Armando - I really miss X1 for this reason, but find that the length of time it takes to open up and then to preview hits on my searches render it almost unusable. This problem got worse with each build that I tried and was compounded in the PIA factor by the issue that I note above WRT setting a notebook to standby or hibernate with Outlook 2003 minimized to tray. The latter problem seems to hold regardless of hardware while the former isn't really an issue on my wife's newer notebook (AMD Athlon 64 3500+ with a gig of RAM and dedicated graphics memory).
-Darwin
Armando - I really miss X1 for this reason, but find that the length of time it takes to open up and then to preview hits on my searches render it almost unusable. This problem got worse with each build that I tried and was compounded in the PIA factor by the issue that I note above WRT setting a notebook to standby or hibernate with Outlook 2003 minimized to tray. The latter problem seems to hold regardless of hardware while the former isn't really an issue on my wife's newer notebook (AMD Athlon 64 3500+ with a gig of RAM and dedicated graphics memory).
-Darwin
X1 often crashes when my notebook wakes up from hibernation or standby.
But I don't care anymore -- I just open it again, and it starts where it stopped…

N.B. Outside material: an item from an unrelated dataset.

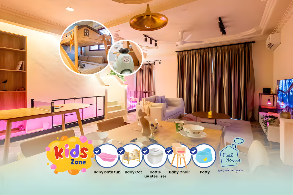Welcome to a cozy, newly renovated home perfect for family stays. Designed with families in mind, the home features generous common areas for quality time - whether you are watching movies, cooking, sharing meals or simply relaxing together. There are two living spaces on the two different floors with smart TV. Walking distance to HELP University and just 7 km from Subang Airport. Ideal for family stays, short visits, or university guests. Comfort, convenience, and space — all in one place.
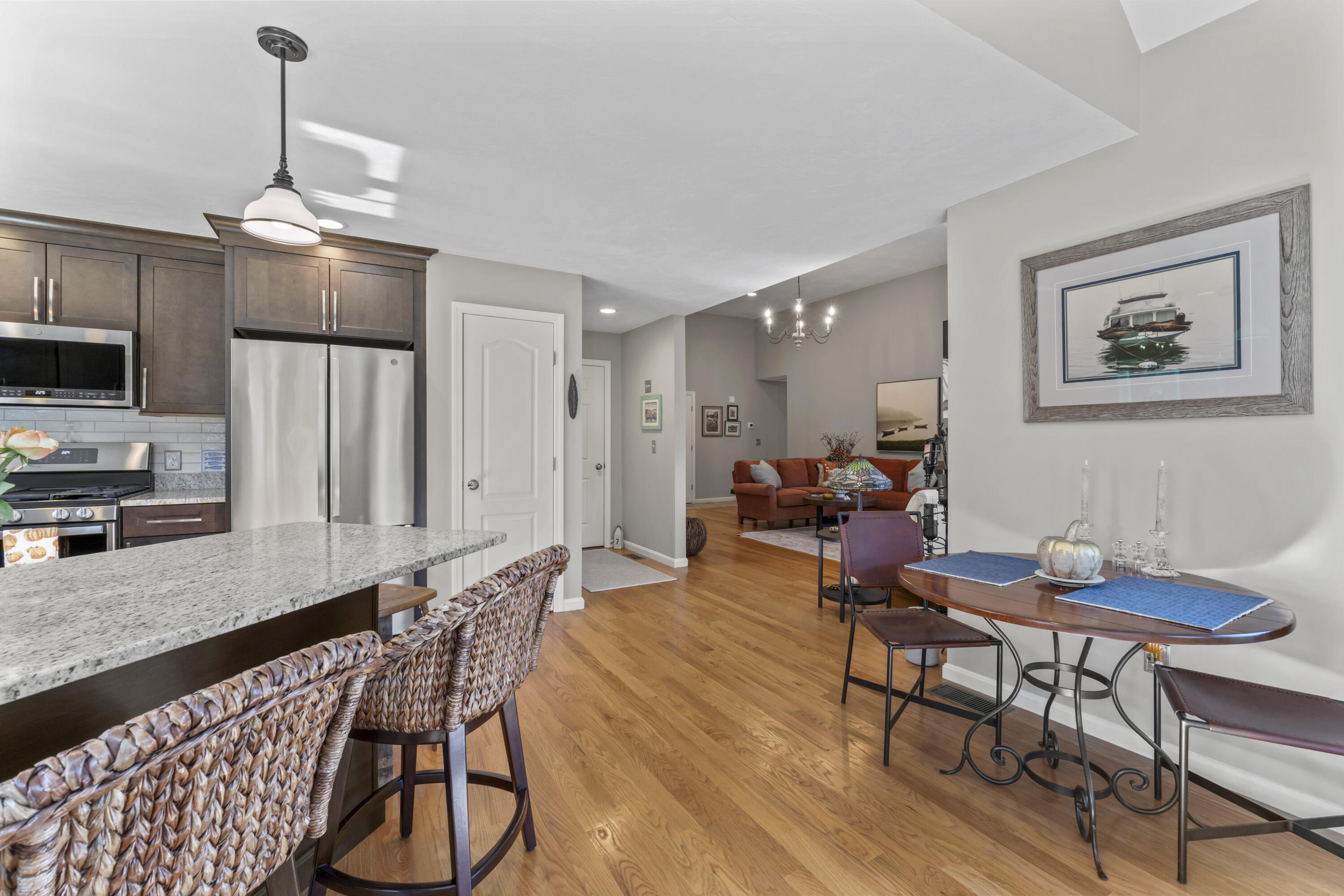 Open House! Sunday October 19th 11am-1pm. 1,534 sq./ft. 3-bedroom, 2 full bath Ranch with direct entry two car garage located in the very desirable Old Marsh community. Enjoy open concept, single floor living that's efficient while providing additional space for overflow. If golf is your thing, this is the place to be! Highly sought after end unit offering privacy but at the same time just an earshot from the golf course, clubhouse, tennis courts, and pool. Sipping your morning coffee from the spacious deck or custom stone patio is the standard not the exception while bird watching or just relaxing... Enjoy the picturesque landscaping and custom designed fire pit while entertaining family and friends. The layout of this design is sure to please! Interior upgrades to include primary bedroom suite with large walk-in closet, gas fireplace in living room, cathedral ceilings in the common areas, bright and airy sunroom drenched with natural light, hardwood throughout, central air, custom cabinets in the kitchen, granite counters, and stainless-steel appliances. Why settle for an older home riddled with deferred maintenance when you can have the option of almost new construction. This home was designed and built with the utmost in efficiency, very low-cost upkeep, and designer creativity. No better time to purchase in Old Marsh considering the golf course and clubhouse are now under new ownership! Many improvements and upgrades are soon to follow! If purchasing a home in Old Marsh, the waitlist for membership to the golf club does not apply! The new owner will become a member immediately! Must be seen!!

As for the time it takes to open up… yes... I guess it depends on how much documents you index, and how much RAM and CPU power you have available, etc. Copernic is much faster, but not as accurate (doesn't index MS Word "comments").
I've decided I don't mind waiting abit for X1. It's the only one which shows me everything I need. And it's not that slow. I might have a much smaller index than you.
You could probably use X1 to index a small part of your drive(s) (or only *.DOC fand PST files) and use something like Archivarius for all the other things -- In my experience, DS softwares can coexist peacefully. But you -- being a PhDer -- probably already have your own strategy!